Chad C has asked for the wisdom of the Perl Monks concerning the following question:

I am hoping you guys can help me out for school I have to create a Perl script that takes out text from one file (a transcript) then try's to find the same word in a dictionary file that contains the word and and its pronunciation spelling and then writes the word with the pronunciation spelling into a new file. Below is an example.

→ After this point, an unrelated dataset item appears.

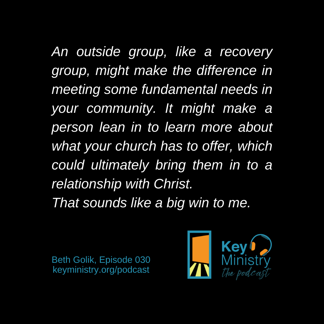 An outside group, like a recovery group, might make a difference in meeting some fundamental needs in your community. It might make a person lean in to learn more about what your church has to offer, which could ultimately bring them into a relationship with Christ. That sounds like a big win to me.

YES NOW YOU KNOW IF IF EVERYBODY LIKE IN AUGUST WHEN EVERYBODY'S ON VACATION OR SOMETHING WE CAN DRESS A LITTLE MORE CASUAL OR

It would have to find each word in this text in a dictionary file such as this

YERKEY Y ER1 K IY0

YERMAN Y ER1 M AH0 N

YERXA Y ER1 K S AH0

YES Y EH1 S

YESES Y EH1 S IH0 Z

and report back all the terms with the pronunciation.

This is is a continuing of last semesters work I found a script one person created but when I run it its not outputting at all to the new file its only printing the first section on my terminal screen. I have never done perl scripting before and am trying to learn on the fly as the teacher won't help us out. Anything you guys could do would be immensely appreciated. Thanks

#!/usr/bin/perl if( $#ARGV != 2 ) { print "Compares the list of words in a file to the words in a dict +ionary and outputs the words available with pronunciations\n"; print "perl GenerateDictionary WordFile DictionaryFile OutputFile\ +n"; exit; } open( WORD_FILE, "$ARGV[0]" ); open( DICT_FILE, "$ARGV[1]" ); open( OUTP_FILE, ">$ARGV[2]" ); @theDICT = <DICT_FILE>; close( DICT_FILE ); while( <WORD_FILE> ) { my($line) = $_; chomp($line); foreach( @theDICT ) { $tmpLine = $_; @items = split( / /, $tmpLine ); if( @items[0] eq $line ) { print $line."\t".$tmpLine; print OUTP_FILE $tmpLine; } } } close( WORD_FILE ); close( OUTP_FILE ); exit;

Replies are listed 'Best First'.
Re: Matching Text
by NetWallah (Canon) on Apr 03, 2012 at 04:23 UTC
    Shorter, more idiomatic, and more efficient code attached. Feel free to modify. Output goes to STDOUT, which can be directed to a file.
    #!/usr/bin/perl use strict; use warnings; @ARGV > 0 or die "Insufficient arguments: Need word file, and Dict fil +e names"; my ($wordfile, $dictfile) = @ARGV; open my $d, "<", $dictfile or die "Cannot open $dictfile: $!"; open my $w, "<", $wordfile or die "Cannot open $wordfile: $!"; my %dict = map {split /\s/,$_,2} <$d>; close $d; while (defined (my $line=<$w>)){ for (split /\s/,$line){ if (my $meaning = $dict{$_}){ print "$_: $meaning\n"; next; } print "$_ is not in the dictionary\n"; } } close $w;

                 All great truths begin as blasphemies.
                       ― George Bernard Shaw, writer, Nobel laureate (1856-1950)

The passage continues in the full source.